AIRE is a transcriptional regulator that protects against self-reactivity by inducing the production of tissue-specific antigens normally not expressed in the thymus, a process that occurs in medullary thymic epithelial cells (mTECs) (99). Resident dendritic cells of the thymus take up self-proteins and present them to T cells. If reactivity to self-antigen is too strong, dendritic cells undergo cytokine signalling programs that destroy autoreactive T cells (99). Migratory and peripheral dendritic cell populations further contribute to negative selection of autoreactive T cells by selecting against cells reactive to peripheral antigen from other tissue microenvironments. Migratory dendritic cells take up antigen in their respective resident tissues and travel to the thymus whereas peripheral dendritic cells test autoreactive T cells in the periphery (i.e., their tissue of origin) thereby inducing, depending on the conditions, cell deletion, anergy or polarization toward a regulatory phenotype (100). It is estimated that there are 1,140 murine genes that interact with or localize to mitochondrial compartments (101), so AIRE should protect the host from developing autoimmunity against these mitochondrial antigens. One important question is whether mitochondrial genes represent a gap in the normal negative selection criteria in the thymus.

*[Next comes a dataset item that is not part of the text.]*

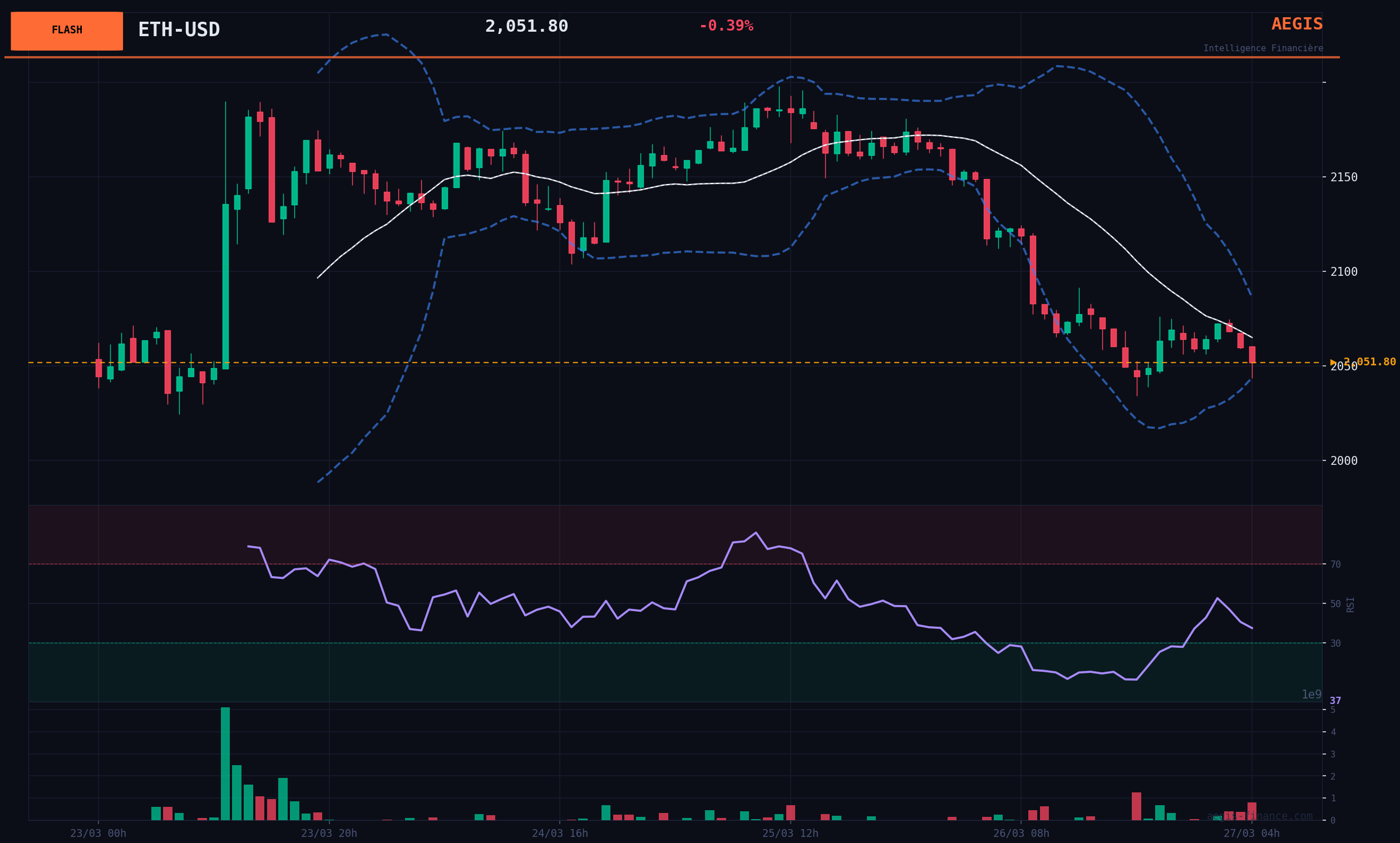 In a market regime in TRANSITION and a context of critical geopolitical risk (RAS > 75), this BEARISH signal on ETH-USD is a direct response to the technical breakdown and the deterioration of global risk sentiment. Extreme volatility, materialized by a VIX at 27.44, requires maximum caution. The signal triggers on a confirmed H4 close below $2050. The first target (TP1) is set at $1950 for partial securing. The final target (TP2) targets the major support at $1837.30. Recommended sizing: Reduced position (0.5x).

To our knowledge, no studies examining the function of AIRE describe its ability to produce mitochondrial self-antigen. Two major studies exist with publically available data of AIRE genomic binding and related expression (102, 103). A study by Bansal et al. reported murine transcriptomic data that examined AIRE binding using chromatin immunoprecipitation (ChIP) sequencing (ChIPseq). We examined whether any of the antigens that they reported for AIRE were directed against mitochondrial antigens using their published transcript-level data. They did not have protein/proteomic level data available to assess this question. They estimated AIREs coverage of genes by assessing transcription among AIRE knockout (KO) mice versus wild type (WT) controls in data derived from mouse mTECs (103). A negative log fold-change (LogFC) indicated downregulation of the transcript in the AIRE KO mice, suggesting that in WT conditions, AIRE may be responsible, in part, for regulating the transcription of a respective gene. To determine AIRE regulation of mitochondrial related genes, we performed a keyword search for “mitochondri” (which yielded results for mitochondrial, mitochondria, and mitochondrion) in the gene description column of their dataset, which yielded 315 genes. Among these, 20 were significantly downregulated at an FDR p ≤ 0.05 comparing AIRE WT to KO indicating that AIRE may regulate only 6.3% of the 315 mitochondrial related genes. We also assessed the potential role of AIRE to regulate 85 murine nuclear-encoded mitochondrial respiratory chain genes using keyword searches in the gene name column for “nduf,” “sdh,” “cox,” “uqcc,” and “atp,” which are the prefixes for gene names among components of respiratory complexes I-V, respectively. Their data showed a significant downregulation of 2 of 85 (2.3%) nuclear encoded mitochondrial respiratory chain genes in AIRE KO vs WT samples. Mitochondrial genes that were regulated by AIRE are listed in Table 1 . Thus, only a small percentage of potential mitochondrial genes were regulated by AIRE using this method. More research is needed to better understand whether AIRE contributes to tolerance against mitochondrial antigens. Thus, a lack of mitochondrial tolerance may be one possible explanation for the development of mitochondrial targeted autoimmune responses in myocarditis and other autoimmune diseases.